Une chose qui choque lorsqu'on lit cet ouvrage en 2020, c'est à quel point il est facile de se rapprocher d'un personnage masculin et difficile d'aimer un quelconque personnage féminin. les femmes sont représentées comme frivoles, au coeur léger, peu intelligentes et ennuyantes. La seule exception est peut-être Maria Dimitrievna qui est décrite comme grosse, indépendante et intelligente, mais que l'on ne croise malheureusement que deux fois dans la première partie de l'ouvrage. Le but de Tostoï n'est bien sûr pas de représenter une société féministe à une époque où le terme n'existait même pas. Mais le roman permet a fortiori de voir à quel point le domaine auquel sont cantonées les femmes, les activités et les rituels auxquels elles se consacrent, ont une influence sur leur comportement qui n'a plus rien à voir avec le comportement des femmes de nos jours.
Si les hommes de nos jours continuent à boire, à parler de sujets de société et de guerre, à faire la chasse, à s'engager à l'armée tout comme les hommes des années 1800, les femmes elles, ne tombent plus amoureuses en une soirée, n'attendent plus que leur mari revienne de manière désespérée afin de se marier, et ne se tournent plus vers la religion si jamais elles sont laides.
J'ai gardé quelques citations comme exemples criards :
"Comme il arrive toujours aux femmes privées depuis longtemps de société masculine, dès l'apparition d'Anatole, les trois femmes de la maison de Nicolas Andréiévitch sentirent pareillement que jusqu'à ce moment, au fond, elles ne vivaient pas; leur capacité de penser, de sentir, d'observer, se décupla instantanément et on eût dit que leur existence s'éclairait soudain d'une lumière nouvelle, pleine de sens." (p.372, point de vue omniscient de l'auteur)
"De plus, il lui semblait qu'il y avait dans la compagnie des femmes quelque chose d'humiliant pour un homme comme lui." (p.496, point de vue de Rostov)
"Oui mon cher, j'ai déjà rencontré des hommes aimants, nobles, élevés; mais des femmes, je n'en ai jamais rencontrées que des vénales, quelles soient comtesses ou cuisinières, peu importe. Je n'ai pas encore rencontré cette pureté, cette fidélité, que je cherche dans la femme. Et me croiras-tu si je te dis que si je tiens encore à la vie, c'est uniquement parce que j'espère rencontrer cettte céleste créature qui me fera renaître, me purifiera et m'élèvera?" (p.539, Dolokhov)

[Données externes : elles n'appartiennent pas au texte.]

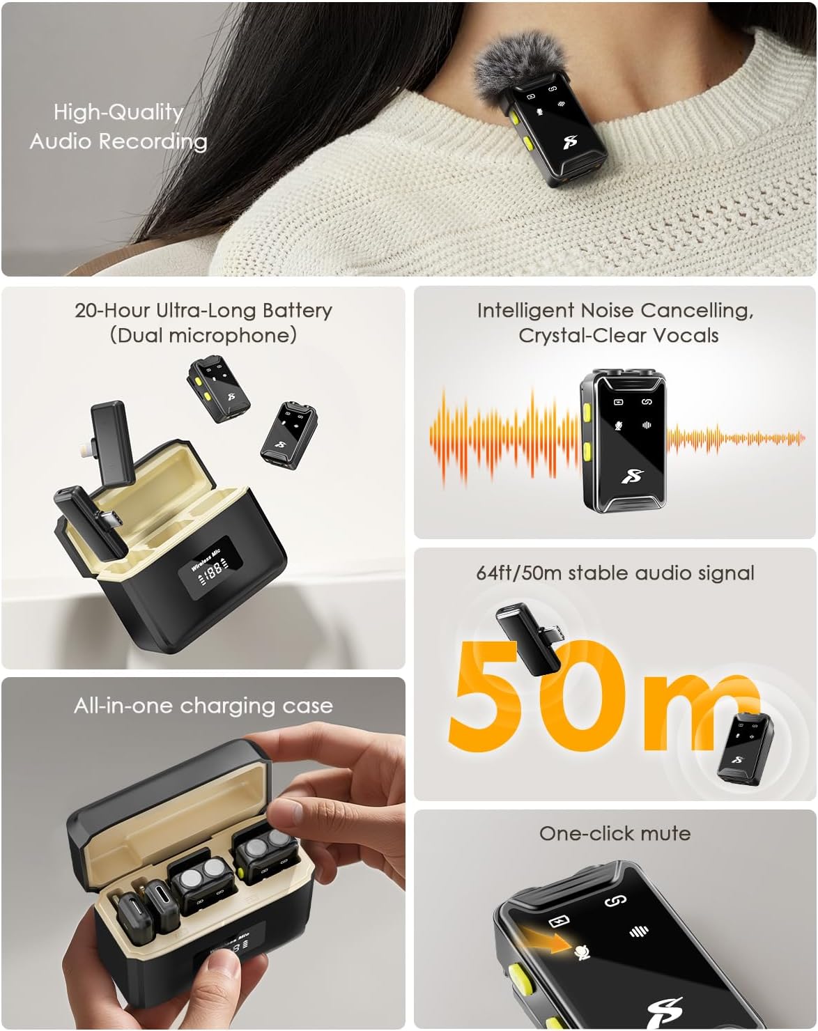 - Studio-Quality Sound: This wireless lavalier microphone features a high-sensitivity condenser mic and advanced noise reduction technology, ensuring your voice is captured clearly even in noisy environments. With built-in reverb effects, your voice sounds richer and more professional—perfect for achieving studio-quality audio. It’s an ideal wireless microphone for iPhone and Android.
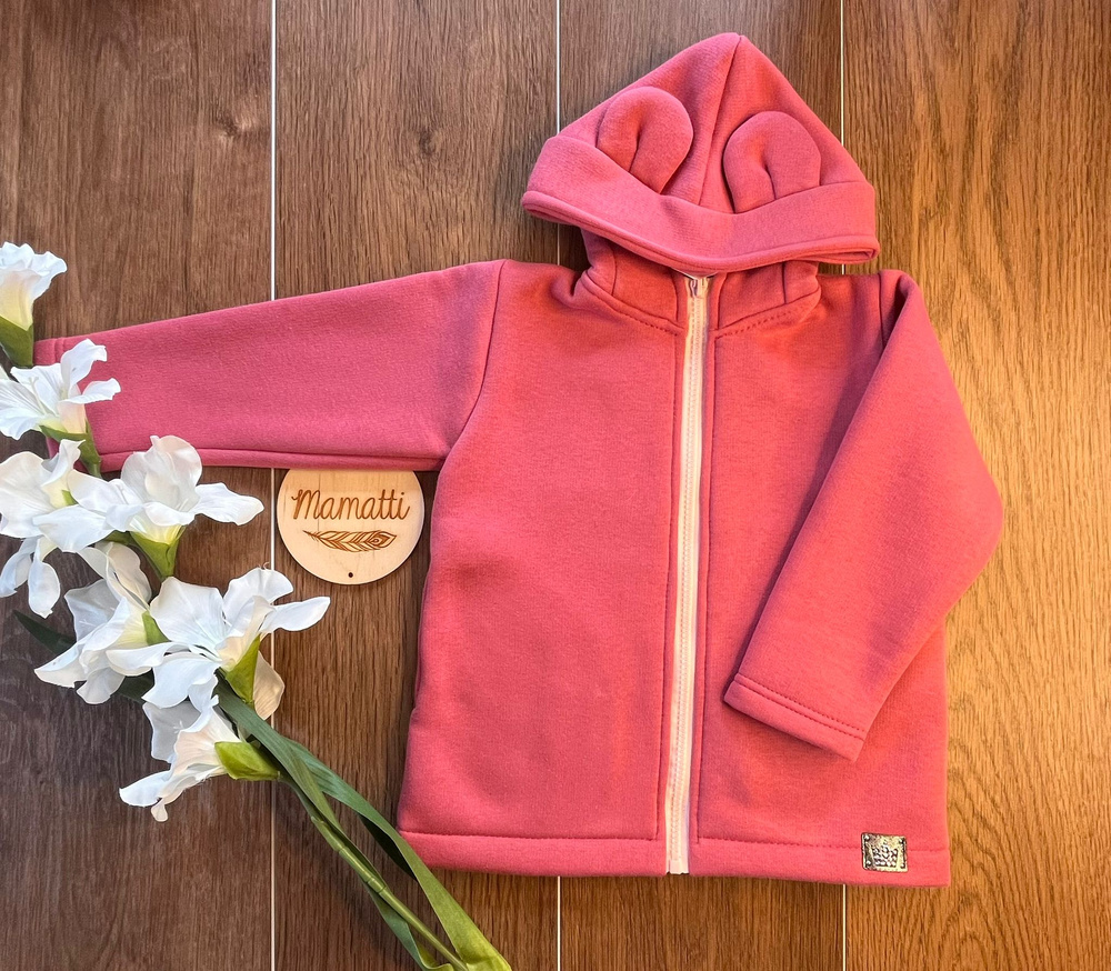 Barva malaga (odstín mezi růžovou a fialovou) dodává mikině jedinečně půvabný a dívčí charakter. Ideální na procházky, do školky nebo školy.

"Le prince André la regardait droit dans les yeux et ne retrouvait plus en lui le même amour. Quelque chose avait soudain basculé dans son âme; ce n'était plus l'enchantement poétique et mystérieux du désir, mais un sentiment de pitié pour sa faiblesse de femme et d'enfant, de crainte devant sa confiance et son abandon, et la conscience douloureuse et pourtant joyeuse du devoir qui le liait à elle à jamais." (p.782, le Prince André)
"- Ne me dites pas des choses pareilles. Je suis fiancée et en aime un autre.
- Ne me parlez pas de cela! dit-il. Que m'importe!... Je vous dit que je suis follement, follement amoureux de vous. Est-ce ma faute si vous êtes merveilleuse ?" (p. 938, Anatole Karaguine)
L'ensemble de ces passages, représentant à chaque fois un point de vue différent, montrent à quel point la vision des hommes sur les femmes à l'époque est une vision négative, dégradante lorsque pas utopique (comme Dolokhov qui s'imagine la femme réelle comme une femme sacrée). Les femmes elles-mêmes ne voient pas d'autre issue que d'aimer et de se sentir aimées, quitte à "désaimer" du jour au lendemain.